John Clark, happy to talk about a new anthology coming out on October 22. Dark Maine contains 21 tales, some new, others having appeared in anthologies over the past twenty years or so. Unlike Hardscrabble Kids which came out last year, these are definitely not for children or the faint of heart.
I’ve allowed the darker portion of my humor and imagination to roam free in the creation of these tales. Sandy Emerson probable arrested a number of folks during his career that resemble characters in these stories. Here’s the line-up
In Your Dreams
Posh Digs
With Great Relish
Bad Example
Lady Be Good to Me
Living Up To My Name
Tower Mountain
Fed Up
Knee Socks
In A Town Most Forgotten
Dead Letter Office
My Toes
Love Your Veggies
Martin Gets It
The Unexpected Gift
Snuff Bunny
A New Wrinkle
Not So Neighborly
The Smell Never Leaves
Just Passing Through
The Man In The Glass
Schoolyard Bullies
Perfect Choice
Getting Even
Backup Plan
In them you’ll meet a couple characters whose traumatic brain injuries erased their consciences with interesting results, a girl returning to a dying town to confront her abusive father, and a ghost who hitchhikes. In others, you’ll meet a group of hardscrabble townspeople who mete out justice when one of them gets greedy. In another a greedy lawyer gets his comeuppance at a Thanksgiving dinner, while another man whose retirement tranquility is destroyed by neighbors with a rogue turkey.
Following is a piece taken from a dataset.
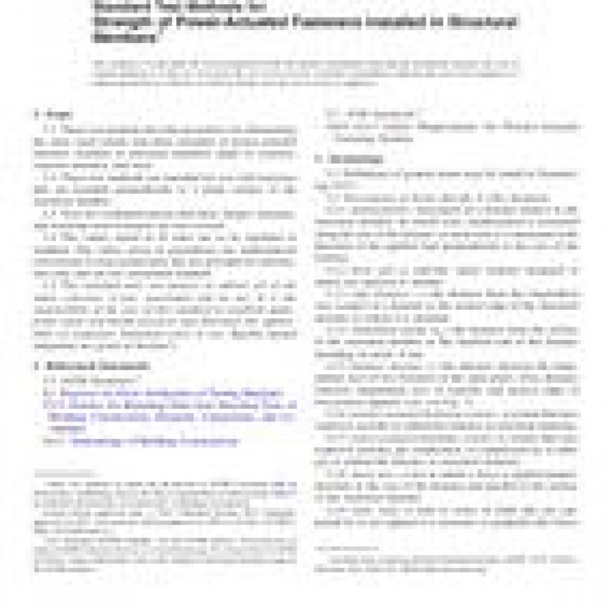 1.1 These test methods describe procedures for determining the static axial tensile and shear strengths of power-actuated fasteners installed in structural members made of concrete, concrete masonry, and steel.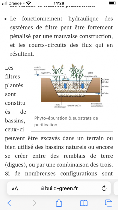 La phyto existante était sur le concept de filtration par bac plantés (roseaux et iris) et par filtration de l’eau horizontale. Nous allons ajouter deux bacs de 1000L avant les 3 bacs existants (quasi deux fois plus grande puisque les bacs existants sont des bacs de 600L) sur un système de filtration horizontal. Nous prévoyons la semaine car il faut creuser un peu pour mettre les bacs de niveau, remplir les bacs des différents éléments, creuser une tranchée depuis la pompe de relevage jusqu’à la buse de dérivations des eaux.

Read on and you’ll meet a man working in a most unusual office in a small Maine town, a recovering alcoholic who is held prisoner by a recurring dream, a wealthy woman whose gardening obsessions cause problems, a college graduate tormented by a rogue cop who gets a most satisfying revenge years later, a domestic abuser whose punishment is the perfect antidote, a desperate charter boat operator who cuts a very unique deal, a high school student whose cousin steals his science experiment with disastrous results, and what happens after a rural tannery goes bankrupt and is reopened by new owners.
I make no apologies for any mayhem happening in these tales. They’re representative of the darkness that lurks in my head, and, I suspect in the minds of many writers. Come next spring, if this book has any success, I’ll publish another which I’m calling Sometimes Dark, Sometimes Light, Always Maine.
Beautiful post
Amazing.
Sounds wonderful!
You are scarily prolific, John. And in these (I have read some of them) just plain scary. Good luck with this exciting new project.